[Given data — start]

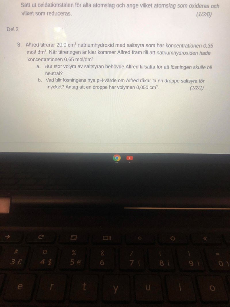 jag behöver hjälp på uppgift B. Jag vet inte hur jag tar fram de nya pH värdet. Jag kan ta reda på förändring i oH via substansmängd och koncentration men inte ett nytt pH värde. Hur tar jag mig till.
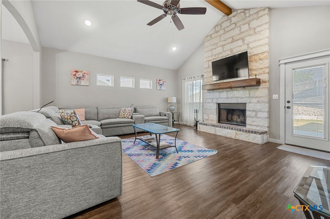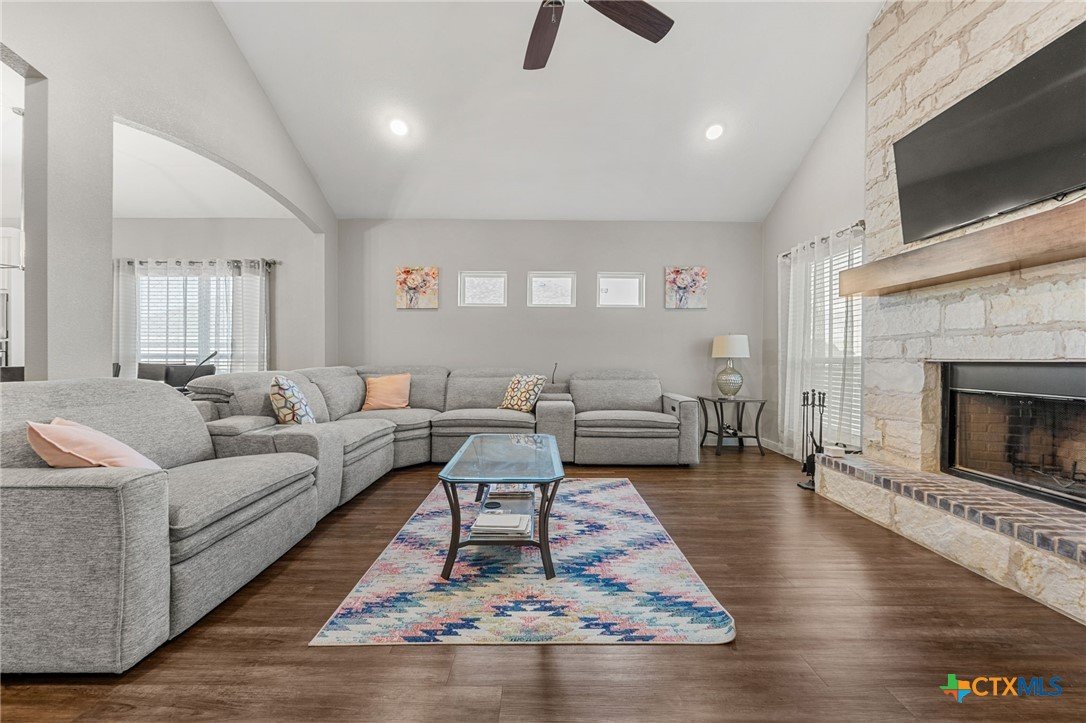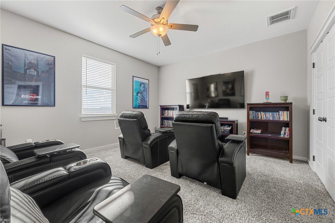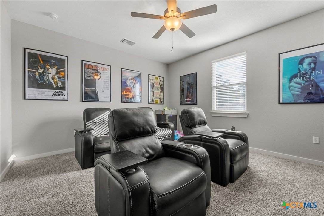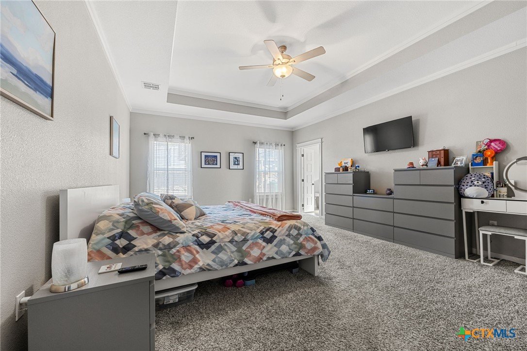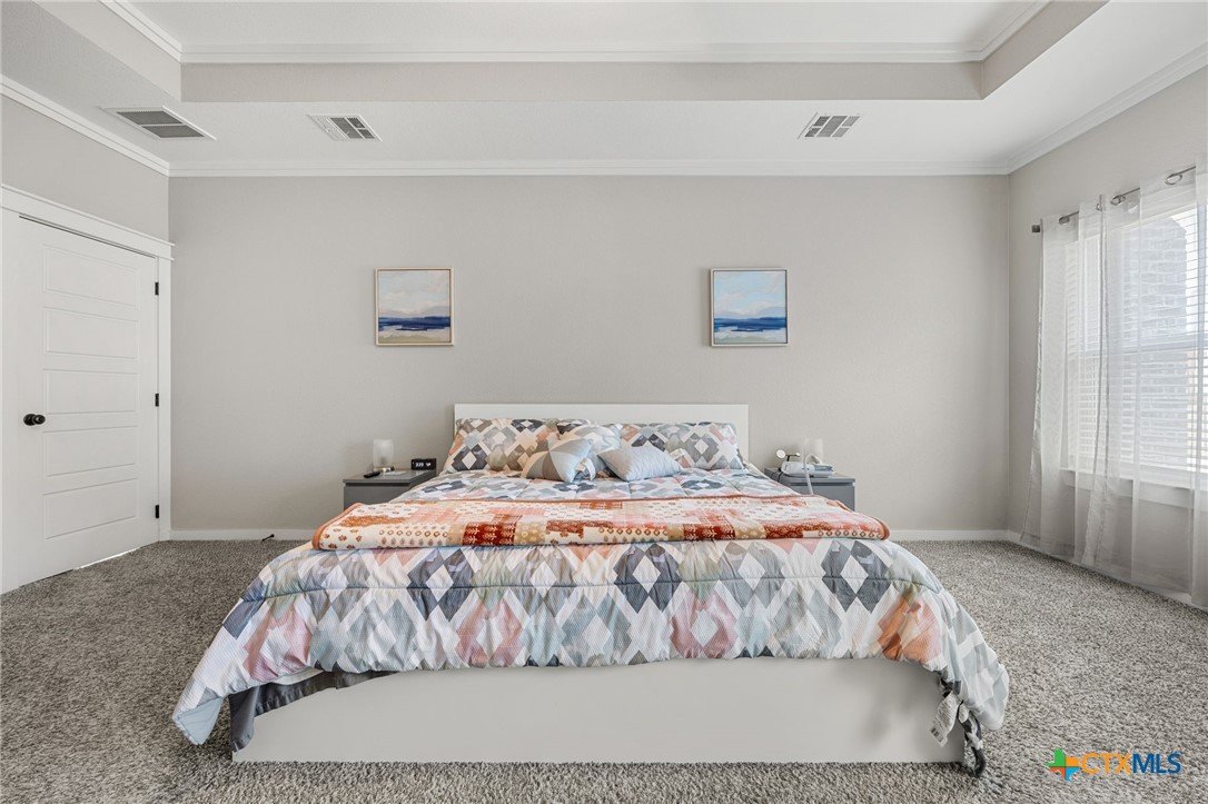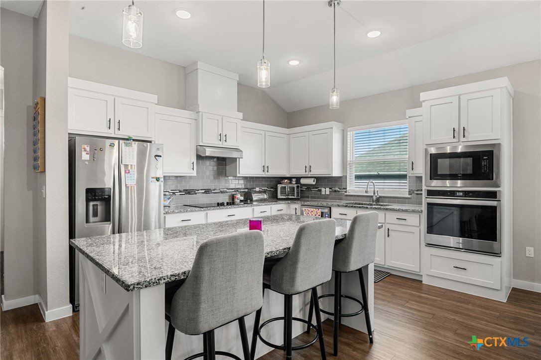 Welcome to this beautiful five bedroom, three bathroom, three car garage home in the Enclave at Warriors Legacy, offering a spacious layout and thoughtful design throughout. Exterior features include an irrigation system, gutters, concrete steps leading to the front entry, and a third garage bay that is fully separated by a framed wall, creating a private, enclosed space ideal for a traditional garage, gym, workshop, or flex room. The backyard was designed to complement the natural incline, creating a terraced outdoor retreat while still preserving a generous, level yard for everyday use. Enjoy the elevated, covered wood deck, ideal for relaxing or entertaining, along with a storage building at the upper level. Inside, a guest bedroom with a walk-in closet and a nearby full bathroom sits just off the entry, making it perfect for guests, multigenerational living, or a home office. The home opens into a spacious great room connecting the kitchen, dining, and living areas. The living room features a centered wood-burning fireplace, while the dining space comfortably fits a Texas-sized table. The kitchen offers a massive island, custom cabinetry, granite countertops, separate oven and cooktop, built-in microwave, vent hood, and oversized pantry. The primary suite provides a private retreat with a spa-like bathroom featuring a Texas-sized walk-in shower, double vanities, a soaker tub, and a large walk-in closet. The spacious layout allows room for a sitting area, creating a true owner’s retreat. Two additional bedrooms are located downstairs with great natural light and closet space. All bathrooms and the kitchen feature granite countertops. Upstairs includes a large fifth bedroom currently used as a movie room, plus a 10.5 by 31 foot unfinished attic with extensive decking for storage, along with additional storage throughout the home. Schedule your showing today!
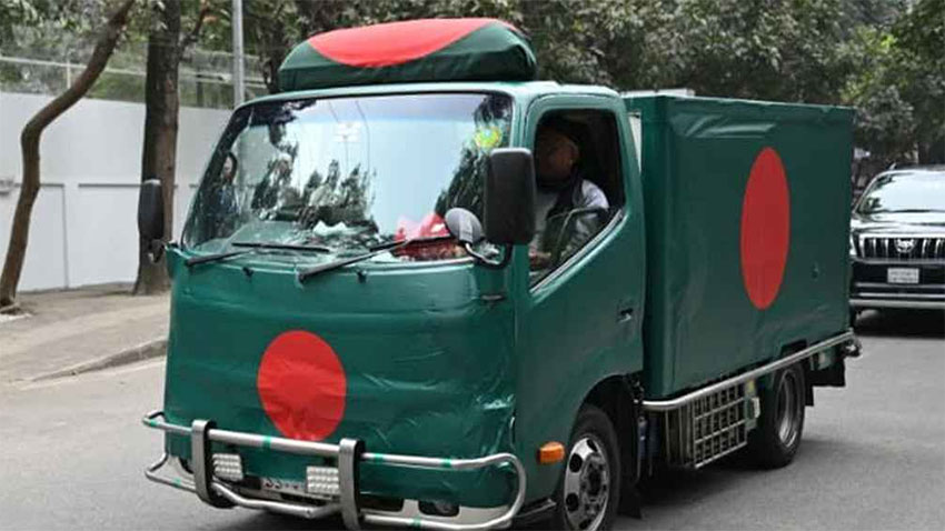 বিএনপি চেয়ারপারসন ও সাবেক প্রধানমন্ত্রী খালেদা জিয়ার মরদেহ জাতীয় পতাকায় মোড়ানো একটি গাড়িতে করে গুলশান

[Given data — finish]
[Given data — start]

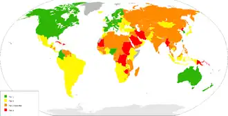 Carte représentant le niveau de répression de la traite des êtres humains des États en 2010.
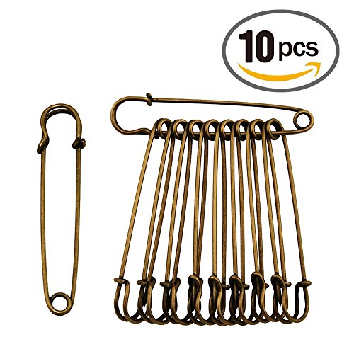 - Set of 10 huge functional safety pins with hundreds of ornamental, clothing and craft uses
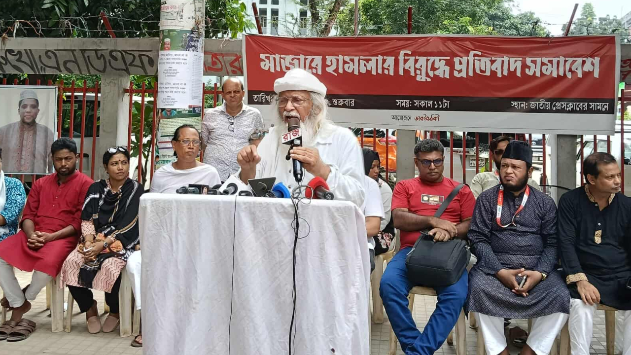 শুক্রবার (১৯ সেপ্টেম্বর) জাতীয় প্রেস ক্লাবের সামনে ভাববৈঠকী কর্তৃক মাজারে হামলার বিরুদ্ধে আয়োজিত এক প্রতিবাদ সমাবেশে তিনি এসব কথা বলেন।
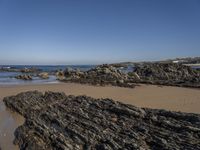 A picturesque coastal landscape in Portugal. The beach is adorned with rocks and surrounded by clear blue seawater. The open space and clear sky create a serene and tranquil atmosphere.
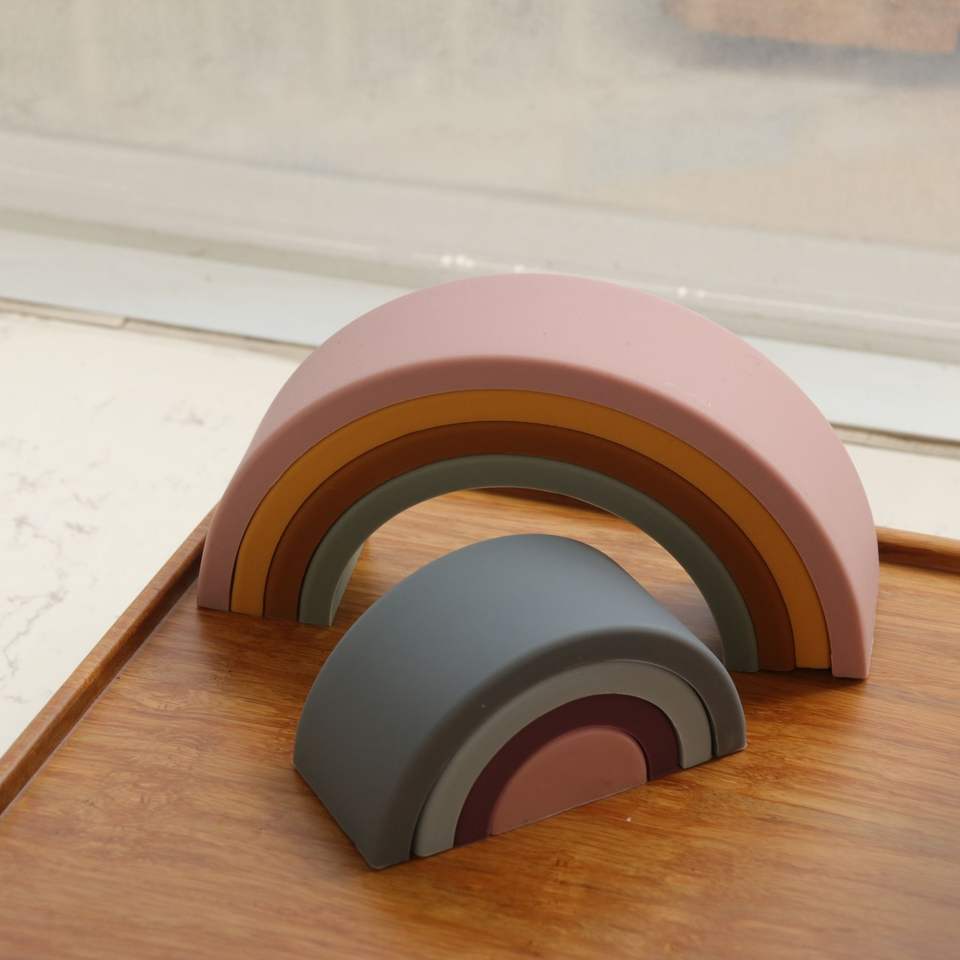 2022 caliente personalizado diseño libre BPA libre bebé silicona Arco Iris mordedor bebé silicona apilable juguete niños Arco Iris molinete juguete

[Given data — finish]

Task instructions: Your answer must be the lines above from the one holding "A picturesque coastal" up to and including the one holding "2022 caliente personalizado", exact and with no pictures.

Answer space:
 A picturesque coastal landscape in Portugal. The beach is adorned with rocks and surrounded by clear blue seawater. The open space and clear sky create a serene and tranquil atmosphere.
 2022 caliente personalizado diseño libre BPA libre bebé silicona Arco Iris mordedor bebé silicona apilable juguete niños Arco Iris molinete juguete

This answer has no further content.